Is there an update to this? On top of final prompt, i believe the final response coming from OpenAI would be helpful, things like prompt token count, completion token, stop reason, etc.
Hi, @wskish
I'm helping the LangChain team manage their backlog and am marking this issue as stale. The issue you raised requests a mechanism to provide visibility into the final prompt text sent to the completion model for debugging and traceability purposes. The comments discuss various workarounds and potential solutions, including setting the verbose flag for the LLM and agent instances, using callback handlers, and modifying the langchain debug setting.
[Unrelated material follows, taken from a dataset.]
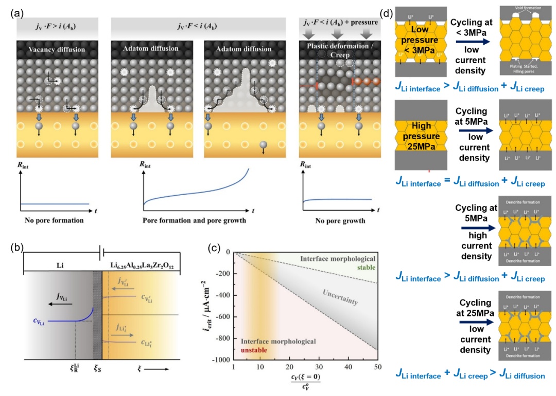 圖2.(a)示意圖顯示,如果剝離電流密度超過Li空位的擴散極限,則在Li/SE界面處形成空洞,外部壓力導致Li蠕變,從而阻止空洞形成;(b)顯示Li空位擴散的示意圖,在Li金屬中由Li空位濃度梯度控制;(c)CCD相對于SE/Li界面處的Li空位濃度與體相Li金屬中的平衡Li空位濃度之間的比率的變化;(a-c)經(jīng)許可復制,版權(quán)所有2019,AmericanChemicalSociety。(d)施加的壓力和電流密度影響電化學反應導致的界面Li離子遷移、Li蠕變導致的Li擴散和體相Li金屬中空位促進的Li擴散之間的關系,這決定了SE/Li界面處的空位和Li枝晶的形成。經(jīng)許可復制。[85]版權(quán)2020,AmericanChemicalSociety。

There is also a suggestion to add a verbose_llm
parameter to initialize_agent
for better control over the output. The issue has garnered significant interest and support from the community, with multiple users expressing the need for this feature.
Could you please confirm if this issue is still relevant to the latest version of the LangChain repository? If it is, please let the LangChain team know by commenting on the issue. Otherwise, feel free to close the issue yourself, or the issue will be automatically closed in 7 days. Thank you!
Would be interesting to see if there are updates on this issue
If anyone is looking for a simple string output of a single prompt, you can use the .format()
method of ChatPromptTemplate
, but should work with any BaseChatPromptTemplate
class.
I struggled to find this as well. In my case I wanted the final formatted prompt string being used inside of the API call.
Example usage:
# Define a partial variable for the chatbot to use
my_partial_variable = """APPLE SAUCE"""
# Initialize your chat template with partial variables
prompt_messages = [
# System message
SystemMessage(content=("""You are a hungry, hungry bot""")),
# Instructions for the chatbot to set context and actions
HumanMessagePromptTemplate(
prompt=PromptTemplate(
template="""Your life goal is to search for some {conversation_topic}. If you encounter food in the conversation below, please eat it:\n###\n{conversation}\n###\nHere is the food: {my_partial_variable}""",
input_variables=["conversation_topic", "conversation"],
partial_variables={"my_partial_variable": my_partial_variable},
)
),
# Placeholder for additional agent notes
MessagesPlaceholder("agent_scratchpad"),
]
prompt = ChatPromptTemplate(messages=prompt_messages)
prompt_as_string = prompt.format(
conversation_topic="Delicious food",
conversation="Nothing about food to see here",
agent_scratchpad=[],
)
print(prompt_as_string)
System: You are a hungry, hungry bot
Human: Your life goal is to search for some Delicious food. If you encounter food in the conversation below, please eat it:
###
Nothing about food to see here
###
Here is the food: APPLE SAUCE
I ended up using callbacks (like StdOut / self-implemented loguru-based / langfuse / arize-phoenix / mlflow / wandb)
Wait, what is the final solution for this though? I can't wrap my head around making things complex for something that should have been basic.
@krishna-praveen for me it is usage of community-provided / self-implemented langchain callback mechanism
chain.prompt.format_prompt(**input)
Yeah, trying to find a solution for this as well, on the JS version. I have an agent with tools, and I'd like to see a final prompt that ChatGPT will receive. The chain.prompt.format({...inputs}); will only print the version of the prompt that my code provides, that's clearly not the entirety of it.
The chaining concept is a little difficult to get visibility into - I solved with the following:
def debug_lambda(x):
print(x)
return x
debug_runnable = RunnableLambda(debug_lambda)
This means you can simply pipe through your debug runnable to see the prompt that goes through:
ie.
| self.prompt
| debug_runnable
| self.model
Investigating a final prompt is such a common thing that it seems like there should be a nicer way of doing this.
For debugging or other traceability purposes it is sometimes useful to see the final prompt text as sent to the completion model.
It would be good to have a mechanism that logged or otherwise surfaced (e.g. for storing to a database) the final prompt text.